In a previous post [1] I discussed a simple problem. But it turned out not so easy to solve for some of the larger data sets. Basically, it was an assignment problem with an extra condition. The problem was a follows:
Consider two arrays \(\color{darkblue}a_i\) (length \(\color{darkblue}m\)) and \(\color{darkblue}b_j\) (length \(\color{darkblue}n\)) with \(\color{darkblue}m \lt \color{darkblue}n\). Assign all values \(\color{darkblue}a_i\) to a \(\color{darkblue}b_j\) such that:
- Each \(\color{darkblue}b_j\) can have 0 or 1 \(\color{darkblue}a_i\) assigned to it.
- The assignments need to maintain the original order of \(\color{darkblue}a_i\). I.e. if \(\color{darkblue}a_i \rightarrow \color{darkblue}b_j\) then \(\color{darkblue}a_{i+1}\) must be assigned to a slot in \(\color{darkblue}b\) that is beyond slot \(j\). In the picture below that means that arrows cannot cross.
- Do this while minimizing the sum of the products.
In [1], I attacked this as a mixed-integer programming problem. In this post, I want to see if we can solve this as a network problem. This was largely inspired by the comments in [1].
Shortest path algorithms and models
The shortest path problem can be solved in different ways. Dijkstra's algorithm is a popular choice due to its simplicity and speed. In [2] we can read a quote by Edsger Dijkstra:
What is the shortest way to travel from Rotterdam to Groningen, in general: from given city to given city. It is the algorithm for the shortest path, which I designed in about twenty minutes. One morning I was shopping in Amsterdam with my young fiancée, and tired, we sat down on the café terrace to drink a cup of coffee and I was just thinking about whether I could do this, and I then designed the algorithm for the shortest path. As I said, it was a twenty-minute invention. In fact, it was published in '59, three years later. The publication is still readable, it is, in fact, quite nice. One of the reasons that it is so nice was that I designed it without pencil and paper. I learned later that one of the advantages of designing without pencil and paper is that you are almost forced to avoid all avoidable complexities. Eventually, that algorithm became to my great amazement, one of the cornerstones of my fame.

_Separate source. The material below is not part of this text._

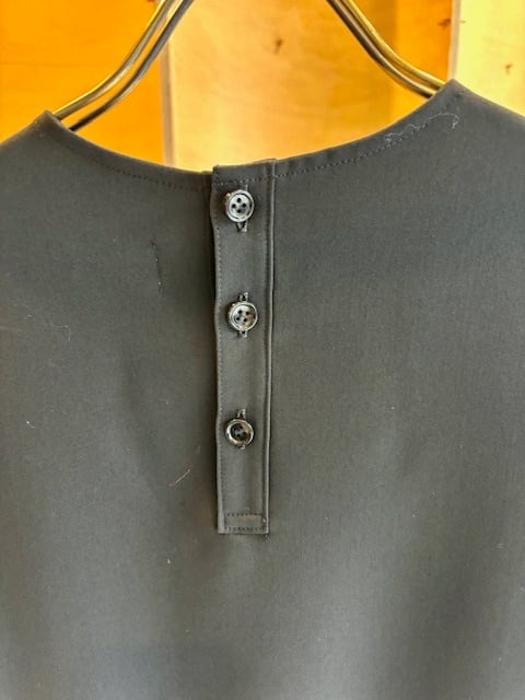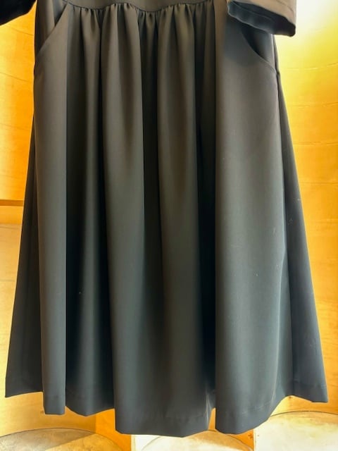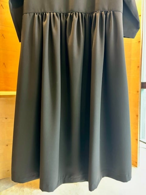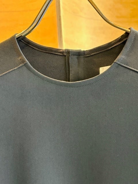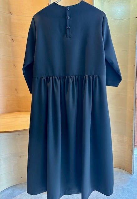 襟ぐりはすっきりとしたクルーネックウエスト位置でギャザーで切り替えがあり

For an early implementation in a computer program, Dijkstra used a set of 64 nodes corresponding to Dutch cities. 64 was chosen so the node number could be encoded in 6 bits [2].

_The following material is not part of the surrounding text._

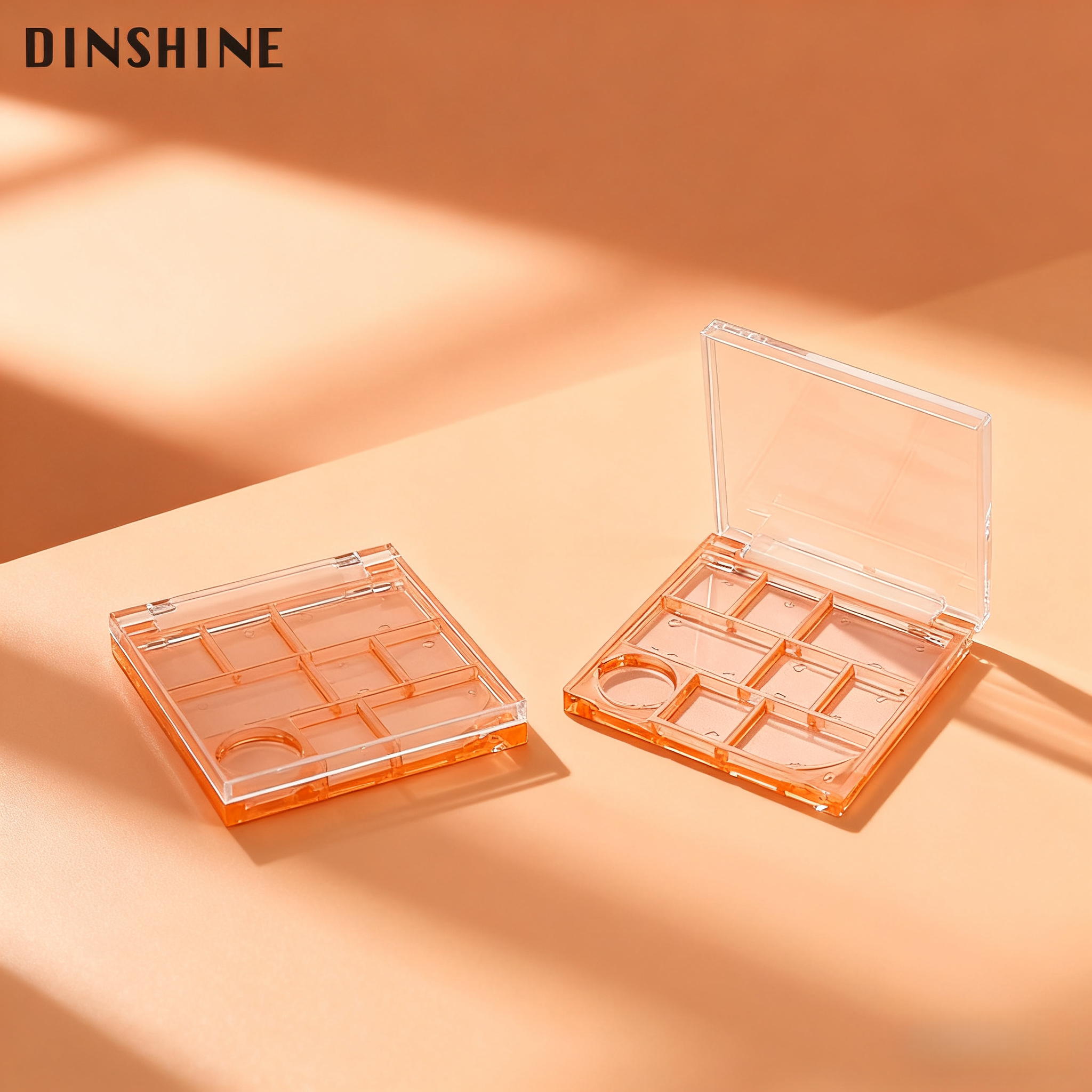 This palette captures attention with its translucent soft peach-pink material and a fully transparent lid, creating a fresh, modern look with a delightful jelly-like texture. The see-through design offers instant visibility of every shade and layout inside, eliminating guesswork and showcasing your colors in their truest form. The overall effect is bright, sweet, and contemporary—a perfect blend of playful and sleek modernity that appeals to a wide audience.

The shortest path can also be formulated as an LP problem. Standard LP solvers can handle quite large problems (each node becomes a constraint, and each arc a variable). In addition, a solver like Cplex contains a specialized network solver for such LPs.
Graph
We start with the nodes. We denote the nodes by \(\color{darkblue}n_{i,j}\) representing: \(\color{darkblue}a_i\) is assigned to \(\color{darkblue}b_j\). Not all assignments are possible. For instance, we cannot assign \(\color{darkblue}a_2\) to \(\color{darkblue}b_1\). That means: node \(\color{darkblue}n_{2,1}\) does not exist.
We also need a source node and a sink node.
The arcs indicate: after assigning \(\color{darkblue}a_i \rightarrow \color{darkblue}b_j\) we need to assign the next item \(\color{darkblue}a_{i+1}\rightarrow \color{darkblue}b_{j+k}\) for some \(k\ge 1\). In addition we need to connect the source node to all nodes with \(i=1\) and the sink node to all nodes with \(i=3\) (our last \(\color{darkblue}a_i\)). So our network looks like:
 |
Network representation |
Note how any arc not connected to the sink or source node, goes to the right and downwards.
We have costs for visiting each node: \(\color{darkblue}a_i\cdot\color{darkblue}b_j\). As we want to formulate this as a shortest path problem, we need to allocate these costs to arcs. I used the incoming arcs for this. So any arc \(e_{i,j,i',j'}\) gets a cost \(\color{darkblue}a_{i'}\cdot\color{darkblue}b_{j'}\). The arcs to the sink node have a zero cost.
Note: this graph is acyclic, so negative arc lengths are ok. We will never see negative cycles.
As you can see: because the nodes have two indices, the arcs have four! That will be fun.